[Stored items from a collection]
=== Section Start ===

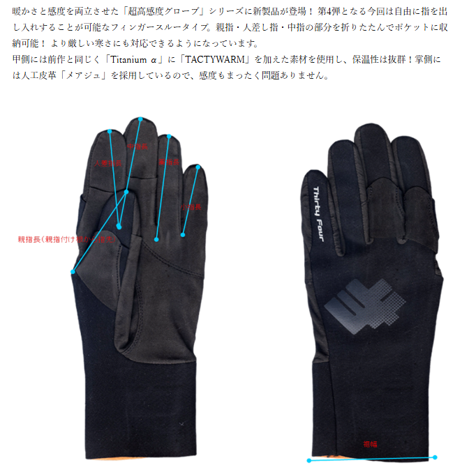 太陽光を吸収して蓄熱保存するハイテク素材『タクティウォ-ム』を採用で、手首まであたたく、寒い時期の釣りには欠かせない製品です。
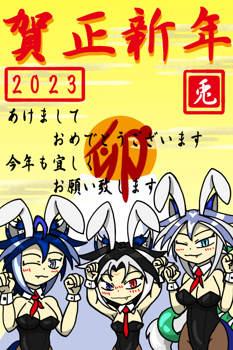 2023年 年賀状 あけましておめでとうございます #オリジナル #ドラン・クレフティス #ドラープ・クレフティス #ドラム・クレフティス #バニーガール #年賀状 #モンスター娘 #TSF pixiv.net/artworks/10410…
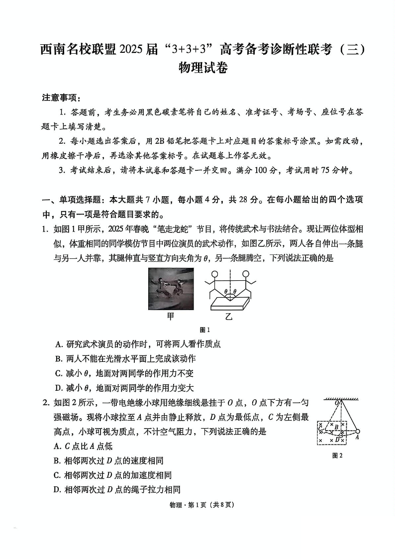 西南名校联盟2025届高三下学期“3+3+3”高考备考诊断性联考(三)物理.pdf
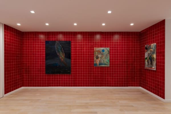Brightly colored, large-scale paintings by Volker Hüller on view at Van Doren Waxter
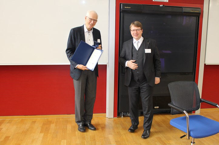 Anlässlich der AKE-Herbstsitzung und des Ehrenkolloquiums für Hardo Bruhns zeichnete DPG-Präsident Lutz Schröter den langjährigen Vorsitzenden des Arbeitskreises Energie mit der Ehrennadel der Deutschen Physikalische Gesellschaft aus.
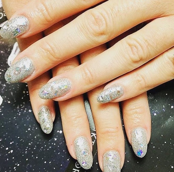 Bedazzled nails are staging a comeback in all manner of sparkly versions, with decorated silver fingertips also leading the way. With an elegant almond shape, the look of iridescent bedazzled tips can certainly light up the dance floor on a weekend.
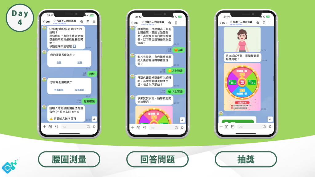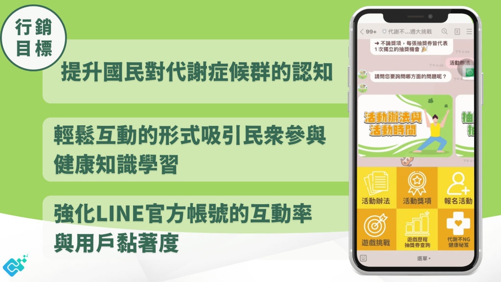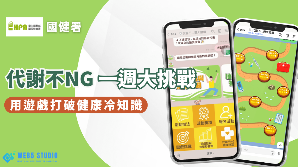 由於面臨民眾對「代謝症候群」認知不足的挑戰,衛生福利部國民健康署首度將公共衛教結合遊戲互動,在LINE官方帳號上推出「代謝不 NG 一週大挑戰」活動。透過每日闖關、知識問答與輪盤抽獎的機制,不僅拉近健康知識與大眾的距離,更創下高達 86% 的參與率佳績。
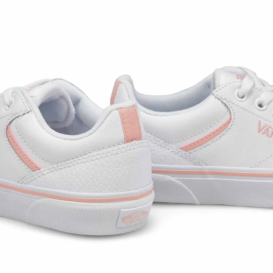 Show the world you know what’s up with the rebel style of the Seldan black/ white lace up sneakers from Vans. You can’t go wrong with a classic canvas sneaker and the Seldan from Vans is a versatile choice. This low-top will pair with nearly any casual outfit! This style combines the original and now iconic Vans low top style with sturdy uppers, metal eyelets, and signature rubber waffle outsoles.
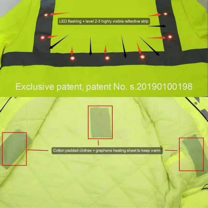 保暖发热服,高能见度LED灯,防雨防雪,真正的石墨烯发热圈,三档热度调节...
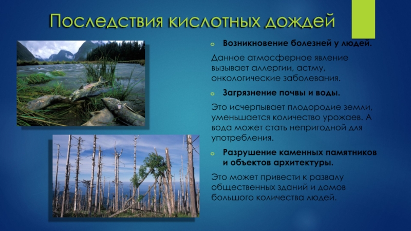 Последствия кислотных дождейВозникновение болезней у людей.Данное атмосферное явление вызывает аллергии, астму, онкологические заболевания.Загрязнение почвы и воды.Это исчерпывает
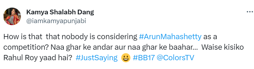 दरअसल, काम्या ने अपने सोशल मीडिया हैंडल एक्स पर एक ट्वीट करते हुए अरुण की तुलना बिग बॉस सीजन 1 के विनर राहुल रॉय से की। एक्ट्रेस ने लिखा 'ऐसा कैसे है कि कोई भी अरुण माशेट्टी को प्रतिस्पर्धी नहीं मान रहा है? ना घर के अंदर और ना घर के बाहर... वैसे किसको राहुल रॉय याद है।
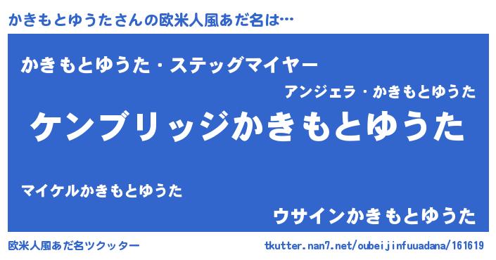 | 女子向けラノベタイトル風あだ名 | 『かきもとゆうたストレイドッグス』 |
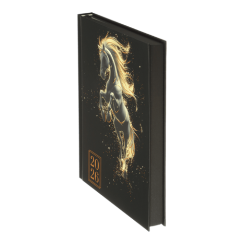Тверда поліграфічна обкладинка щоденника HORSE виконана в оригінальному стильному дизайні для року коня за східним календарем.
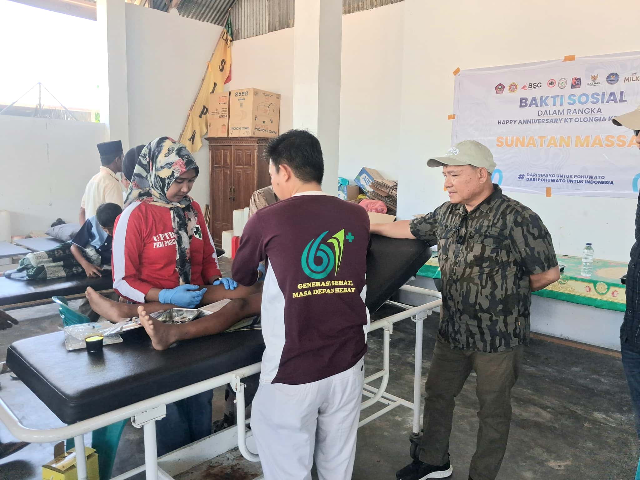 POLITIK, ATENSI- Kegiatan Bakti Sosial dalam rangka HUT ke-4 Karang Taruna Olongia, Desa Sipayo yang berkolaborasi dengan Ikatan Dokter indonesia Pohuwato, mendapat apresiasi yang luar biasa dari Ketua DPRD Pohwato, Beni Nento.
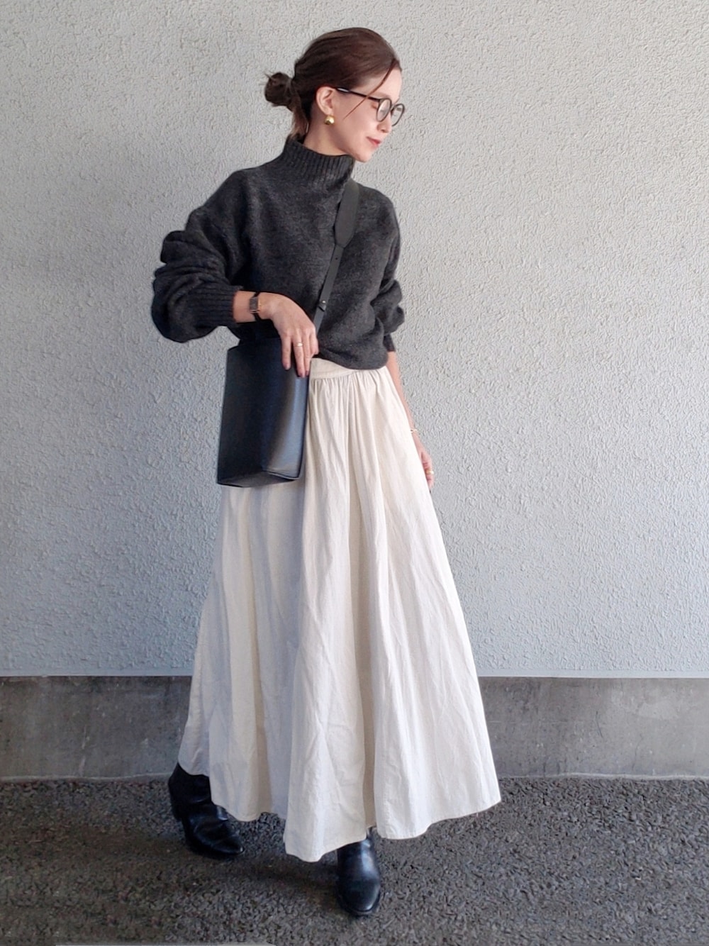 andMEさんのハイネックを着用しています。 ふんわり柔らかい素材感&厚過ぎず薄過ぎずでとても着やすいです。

=== Section End ===

- _WHAT NEEDS TO BE DONE_: Write out the lines of the entries above exactly, beginning with the first and ending with the line that contains "女子向けラノベタイトル風あだ名 | 『かきもとゆうたストレイドッグス』 |". No picture goes in.

- _EXERCISE RESPONSE_:
 太陽光を吸収して蓄熱保存するハイテク素材『タクティウォ-ム』を採用で、手首まであたたく、寒い時期の釣りには欠かせない製品です。
 2023年 年賀状 あけましておめでとうございます #オリジナル #ドラン・クレフティス #ドラープ・クレフティス #ドラム・クレフティス #バニーガール #年賀状 #モンスター娘 #TSF pixiv.net/artworks/10410…
 西南名校联盟2025届高三下学期“3+3+3”高考备考诊断性联考(三)物理.pdf
Brightly colored, large-scale paintings by Volker Hüller on view at Van Doren Waxter
 Anlässlich der AKE-Herbstsitzung und des Ehrenkolloquiums für Hardo Bruhns zeichnete DPG-Präsident Lutz Schröter den langjährigen Vorsitzenden des Arbeitskreises Energie mit der Ehrennadel der Deutschen Physikalische Gesellschaft aus.
 Bedazzled nails are staging a comeback in all manner of sparkly versions, with decorated silver fingertips also leading the way. With an elegant almond shape, the look of iridescent bedazzled tips can certainly light up the dance floor on a weekend.
 由於面臨民眾對「代謝症候群」認知不足的挑戰,衛生福利部國民健康署首度將公共衛教結合遊戲互動,在LINE官方帳號上推出「代謝不 NG 一週大挑戰」活動。透過每日闖關、知識問答與輪盤抽獎的機制,不僅拉近健康知識與大眾的距離,更創下高達 86% 的參與率佳績。
 Show the world you know what’s up with the rebel style of the Seldan black/ white lace up sneakers from Vans. You can’t go wrong with a classic canvas sneaker and the Seldan from Vans is a versatile choice. This low-top will pair with nearly any casual outfit! This style combines the original and now iconic Vans low top style with sturdy uppers, metal eyelets, and signature rubber waffle outsoles.
 保暖发热服,高能见度LED灯,防雨防雪,真正的石墨烯发热圈,三档热度调节...
 Последствия кислотных дождейВозникновение болезней у людей.Данное атмосферное явление вызывает аллергии, астму, онкологические заболевания.Загрязнение почвы и воды.Это исчерпывает
 दरअसल, काम्या ने अपने सोशल मीडिया हैंडल एक्स पर एक ट्वीट करते हुए अरुण की तुलना बिग बॉस सीजन 1 के विनर राहुल रॉय से की। एक्ट्रेस ने लिखा 'ऐसा कैसे है कि कोई भी अरुण माशेट्टी को प्रतिस्पर्धी नहीं मान रहा है? ना घर के अंदर और ना घर के बाहर... वैसे किसको राहुल रॉय याद है।
 | 女子向けラノベタイトル風あだ名 | 『かきもとゆうたストレイドッグス』 |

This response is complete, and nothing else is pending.